## WORK TASK
Your answer should hold exactly the lines beginning with the one that contains "GROUND FLOOR APPROX." and ending with the last line of the material, both included. Leave every picture out.

## RAW DATA

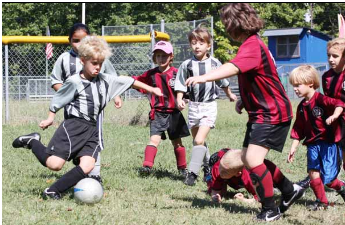
Mountain Soccer/AYSO is in full swing. Read all about it on page 9.
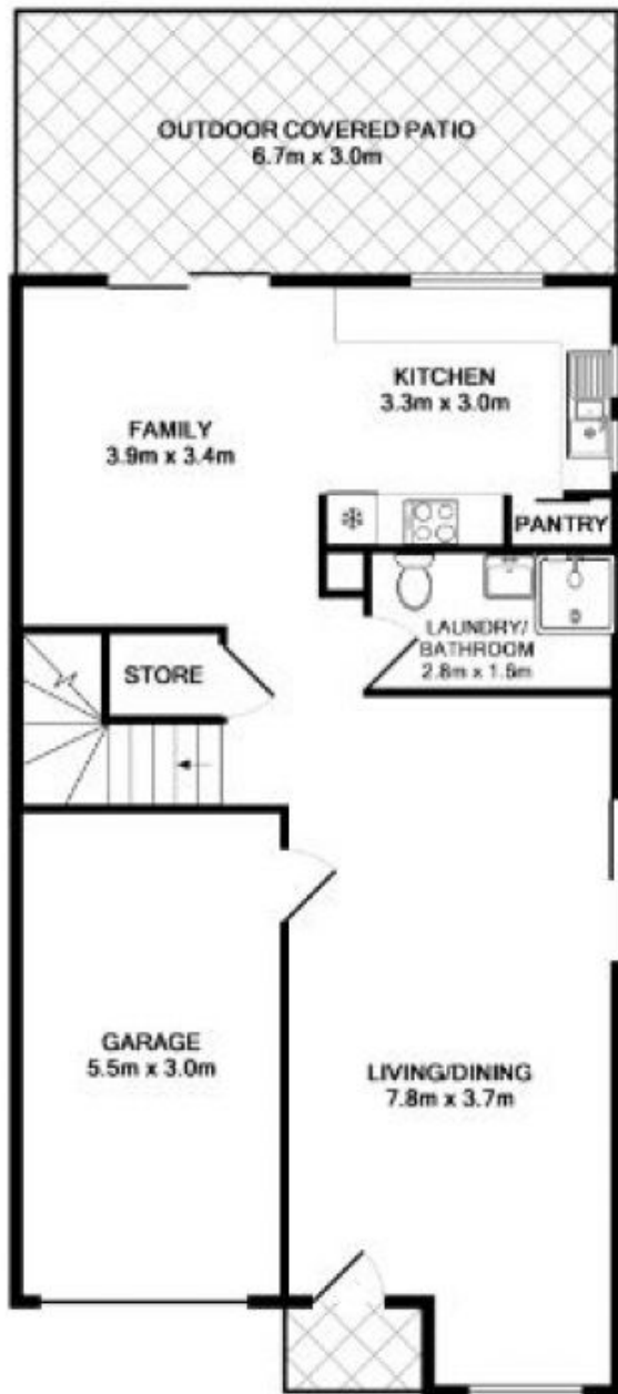
GROUND FLOOR APPROX. FLOOR AREA 78.7 SQ.M. (847 SQ.FT.)
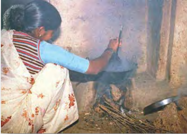
Fig 4.5. Cooking on 3-stone

Women cooking in the smoky kitchen said:

## ANSWER SECTION
GROUND FLOOR APPROX. FLOOR AREA 78.7 SQ.M. (847 SQ.FT.)
Fig 4.5. Cooking on 3-stone

Women cooking in the smoky kitchen said:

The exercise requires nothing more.